Solanus’ main role was that of porter of the monastery.  The faithful flocked around him – he often saw up to 200 people a day. He was a mystic, not a meddler.  A young woman came to him who thought she had to become a nun, but Solanus told her that she did not have a vocation to religious life and was to marry a man in the military and have a big family. This happened just as Solanus augured. On another occasion, Solanus was visiting the sick in a Detroit hospital, when a young husband asked him to bless his wife who had just had minor surgery. To the young man’s horror Solanus told him that his wife was, in fact, about to die and he was to reconcile himself with God’s will. She died that very day, but her husband was prepared for her passing.

Another Saint, André Bessette came to Detroit and sought out Solanus, and when the two men of the cloth were face to face, they found themselves lost for words, for Solanus spoke no French and André spoke no English, but they blessed each other in Latin, the universal language gave these two saintly sons the means to confer on each other a sacred blessing.

In Catherine M. Odell’slovely biography of Fr Solanus, I read an account of Solanus facilitating the reconciliation of a couple on the brink of a nasty divorce. The man had been carrying on with another woman. He ended it, but the other woman told him she would tell his wife. Preempting this, the man confessed to his wife who was so distraught she wanted to divorce him. The couple were brought to Solanus, but the wife could not bring herself to look at the friar, so embarrassed was she at having a husband who had sought affection in another woman. Solanus instructed the man to give his side of things, ‘I don’t want you to leave anything out.

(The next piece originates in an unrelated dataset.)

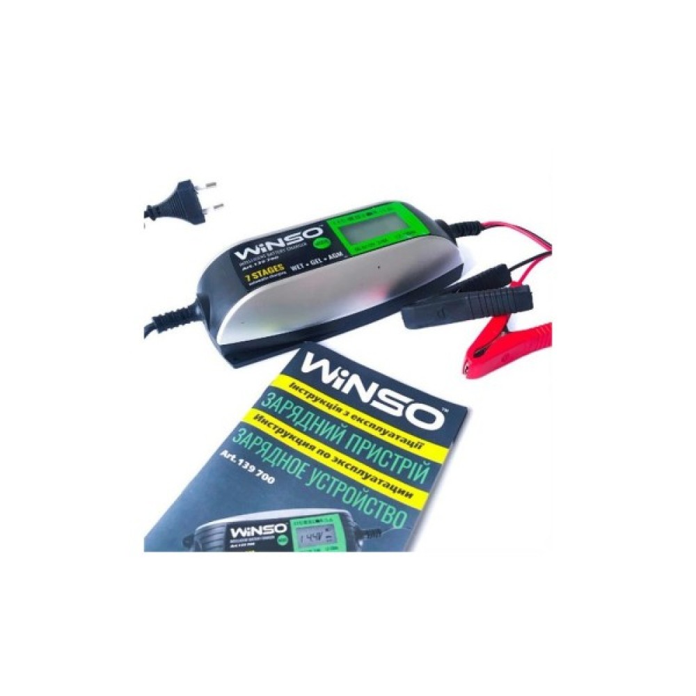 Інтелектуальний зарядний пристрій WINSO 139700 необхідно для зарядки мото - і автомобільних акумуляторів (АКБ). Зарядний пристрій – універсальне, що дозволяє заряджати свинцево – кислотні, літієві, гелеві, лужні акумулятори. Використовується для акумуляторів мотоциклів, автомобілів, катерів та іншого транспорту з напругою мережі 6/12 Ст. Зарядний пристрій виробляє зарядку в автоматичному режимі, LCD дисплей показує режим зарядки батареї. Режим заряду виставляється кнопкою MODE.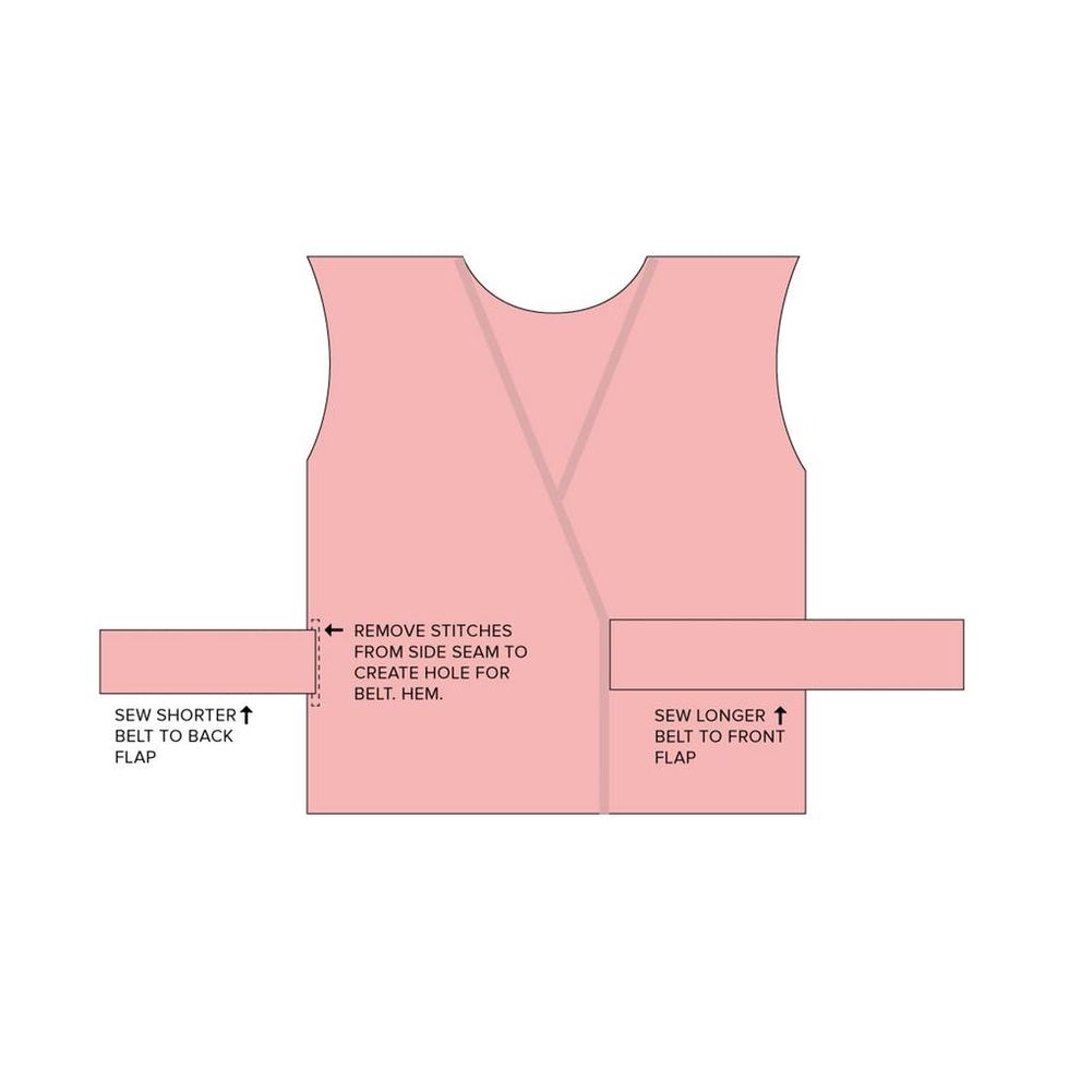 Use a seam ripper to remove the stitches on the right side seam right where the inner belt will hit. Fold the fabric back and hem to create a large hole.

Say everything.’ The man spoke while his wife cried her heart out. Solanus then turned his attention to the wife and said, ‘well, that isn’t so bad, the man is repentant. The Lord forgave Mary Magdalene, and you have three lovely children outside waiting for the mother and father to get together again.’  With that Solanus encouraged the wife to kiss her husband and forgive him. The couple saved their marriage and became an especially happy pair.

Blessed Solanus is like vitamin C for the soul. Revisiting his life of saintly selflessness is the means of strengthening our soul’s immune system. 
I wrote this piece for The Mass of Ages, Winter 2018 Edition

 

A big thank-you to my friend Catherine Collins (the daughter of Traddie Royalty, Richard Collins) who prayed for me when I was writing this article because I became stuck, having the concept in my head; that revering the sanctity of Saints is an antidote to being scandalised, but could not develop in in words. Then the beautiful Catherine prayed and the piece above got written. I am very blessed to be so close to her and enjoy fun and frollics with her around London.